Data labelling — As discussed above, ML systems in particular need to “learn” by comparing labelled input data with outcomes after every training run. Having data labels which are as accurate and reliable as the input data itself is important for training and assuring that any AI system is accurate. There are many ways to label data, including: using an internal data-science team; external consultants; using external labelled data sources; crowdsourcing; programming a classifier or using a feedback loop. Having well-labelled data is often the key technical challenge that companies need to overcome when adopting AI.
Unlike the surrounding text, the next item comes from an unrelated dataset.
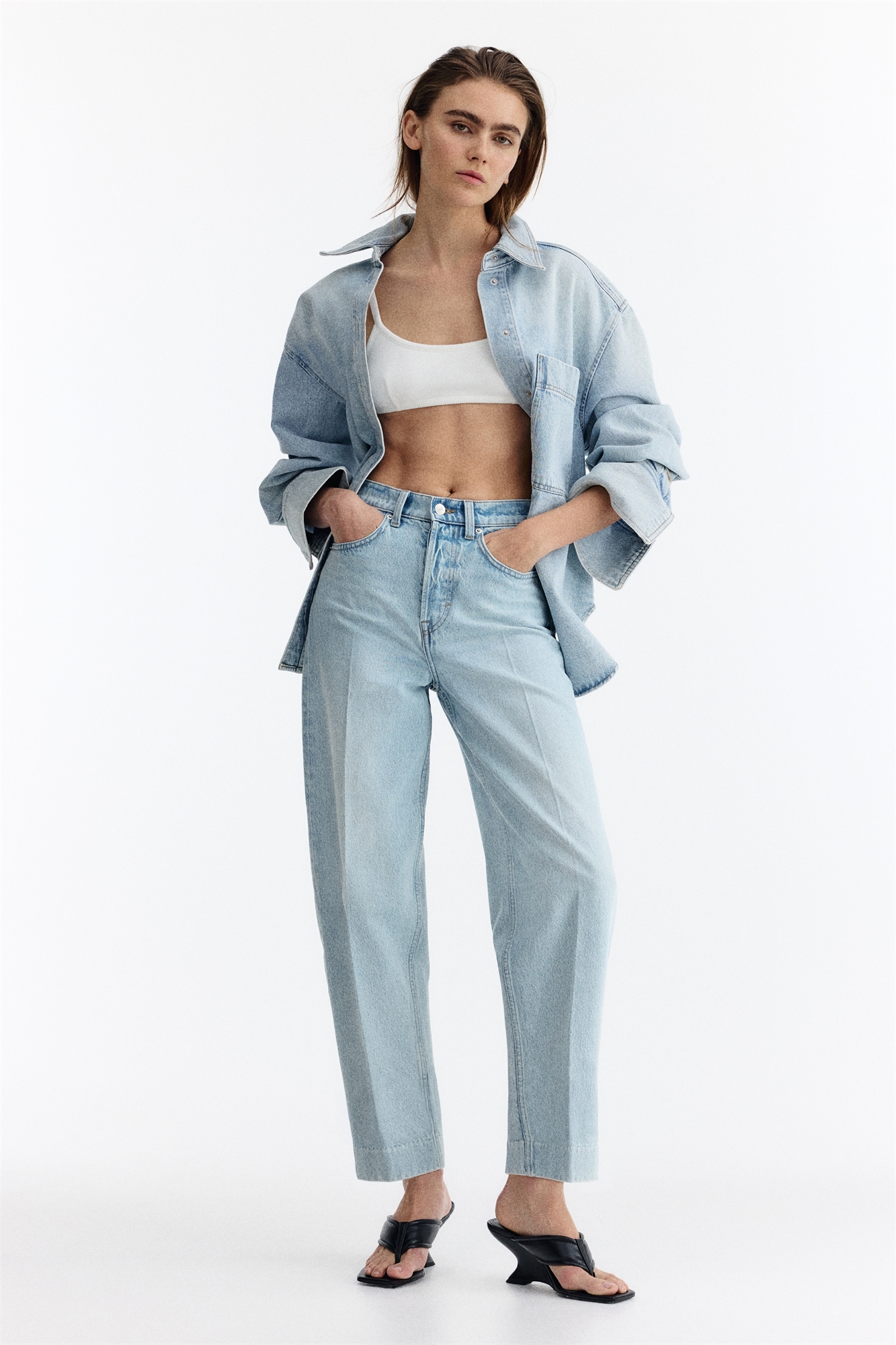 Джинсы с 5 карманами из жесткого хлопкового денима, который сначала кажется упругим, но затем смягчается и ослабевает по мере носки. Изогнутая, объемная штанина с регулярной посадкой от бедра до бедра, которая сужается к подолу. Высокая талия с ширинкой на пуговице и складками спереди и сзади. Длина по щиколотку, зауженная к лодыжкам. Непринужденная и прохладная джинсовая одежда.

There is currently a shortage of data scientists available in the job market today, especially those trained in AI. Outside of the AI behemoths of Google, Facebook, Apple; companies may find it hard to recruit data scientists who are skilled in AI. As an SME even if you find a skilled professional how will you know if they are a good fit for your business use case? Again here, education is key in helping management identify good candidates and provide them with clear goals. One solution may be to use external specialists to fill this skill gap. This solution may work in the short term to help a company produce their AI strategy, but in the long term, someone internal will be required to maintain and improve any deployed AI system.
Business use case
Identifying business case for AI requires managers to have a clear understanding of AI technologies, their possibilities and limitations. The lack of AI know-how may hinder adoption in many companies. Once knowledge has been obtained, clear plans, objectives and KPIs can be produced to allow management to benchmark any AI-based approach. As with any decision about the adoption of technology to a business problem, it is key that the technology is shaped to fit the problem, not the problem to the technology.
The promise of AI is still to be recognised for many businesses where the technology is applicable. Many challenges are to be overcome and can be provided businesses have a good education about AI and a clear AI strategy.